Иными словами, мы в целом движемся в общем, «глобальном» русле. Но с большим опережением. Опережение связано с тем, что нам ощутимо не хватает тех барьеров, которые сдерживают разрушительные проявления глобализации в других государствах. В развитых странах это механизмы представительной демократии, сильное гражданское общество, система правопорядка и т.д. Где-то это, напротив, традиционные социальные структуры и религиозные нормы. В развивающихся странах сглаживать многие проблемы позволяет сама динамика экономического роста плюс сильная, национально ответственная власть (Китай, Бразилия в последнее десятилетие).
Всего перечисленного нам отчетливо недостает, отсюда – сомнительная честь быть витриной глобализационной динамики социума и в очередной раз играть роль марксова «язычника, страдающего от язв христианства». Собственно, это известно давно: противоречия цивилизационного уклада острее проявляются на периферии. Но благодаря этому на периферии могут быть даны и более острые ответы. Позволю себе предположить, что правый антиглобализм в России имеет не только особую актуальность, но и особые шансы на успех.
2. Россия обладает потенциалом самодостаточности. «В период дебатов о глобализации и всеобщей зависимости, – пишет Эмманюэль Тодд, – Россия… может стать гигантской демократической страной, имеющей равновесие внешнеторгового баланса и обладающей энергетической независимостью. Короче говоря, в мире, где доминируют Соединенные Штаты, она может стать воплощением голлистской мечты». В случае с голлистской мечтой Тодд, возможно, сказал больше, чем хотел. Ведь это не просто мечта о реальном суверенитете, это мечта о суверенитете в ситуации, когда планета стала ареной для игры превосходящих сил. Чужой игры, в которую так легко быть втянутыми на чужих условиях.
Для де Голля такой игрой была американо-советская биполярность, для современной России – американо-китайская. При всех различиях между ними в обоих случаях речь идет о конфликтном сосуществовании двух сверхдержав (в американо-китайском случае – конфликтном симбиозе, что чревато еще большим напряжением), от которых зависит положение дел в мире и которые испытывают его на прочность. Сегодняшняя нестабильность в Северной Африке, на Ближнем и Среднем Востоке вполне может быть прочитана как ситуация косвенного конфликта сверхдержав (через посредничество третьих сил) в условиях невозможности их прямого военного столкновения. Т.е. как нечто относительно знакомое по американо-советскому опыту.

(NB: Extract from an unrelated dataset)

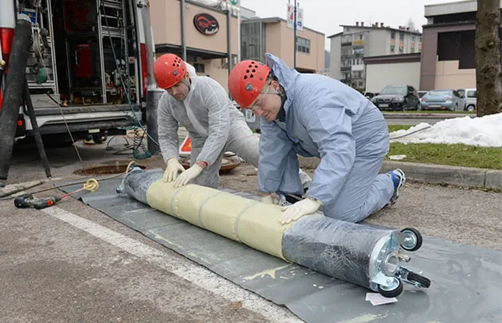 מחדירים את הפאקר לצנרת כאשר מולבש על הפאקר יריעת פיברגלס עם דבק סיליקט שמתקשח במהירות.

Существенное различие состоит в том, что если в эпоху прежней биполярности угроза миру исходила от взаимных противоречий сверхдержав, то сегодня также (а возможно, и прежде всего) – от их внутренних противоречий.
Эмманюэль Тодд много пишет о тех внутренних проблемах, которые делают Соединенные Штаты «опасной державой», отнюдь не безумной, но вынужденной реализовывать «стратегию умалишенного». «Блуждающая и агрессивная, напоминающая походку пьяницы стратегическая траектория “одинокой сверхдержавы” может быть удовлетворительно объяснена только на пути выявления нерешенных или неразрешимых противоречий и вытекающих отсюда чувств неудовлетворенности и страха».

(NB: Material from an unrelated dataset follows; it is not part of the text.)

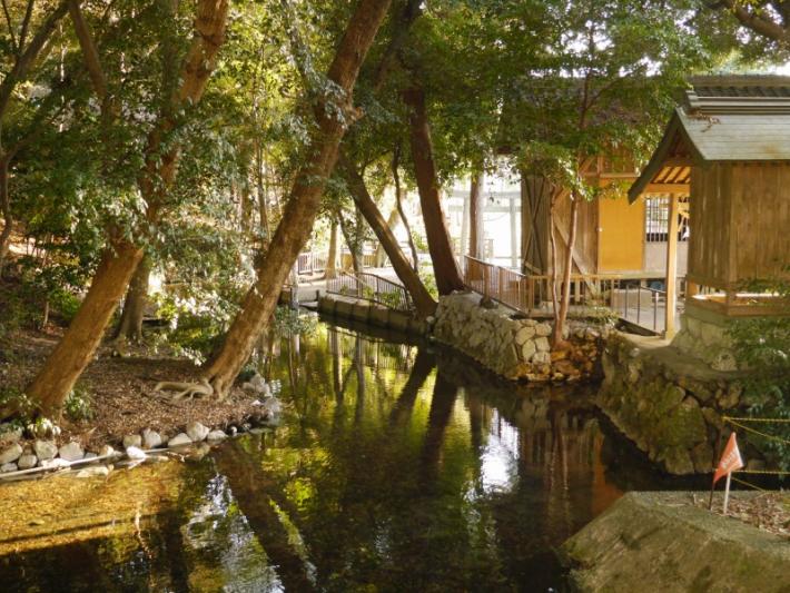 西山町水神の森には、水神社が鎮座し、池には澄んだ水が豊富に湧き出ています。

Это эффект неожиданной бесполезности, постигший США после окончания холодной войны. Новая биполярность не имеет открытой блоковой формы и реализуется преимущественно в экономической, а не военной сфере. В этой ситуации откровенная избыточность (с точки зрения интересов союзников и мира в целом) инфраструктуры глобального военного присутствия Соединенных Штатов может камуфлироваться только за счет генерирования и консервации множественных локальных конфликтов и конструирования вспомогательных «осей зла».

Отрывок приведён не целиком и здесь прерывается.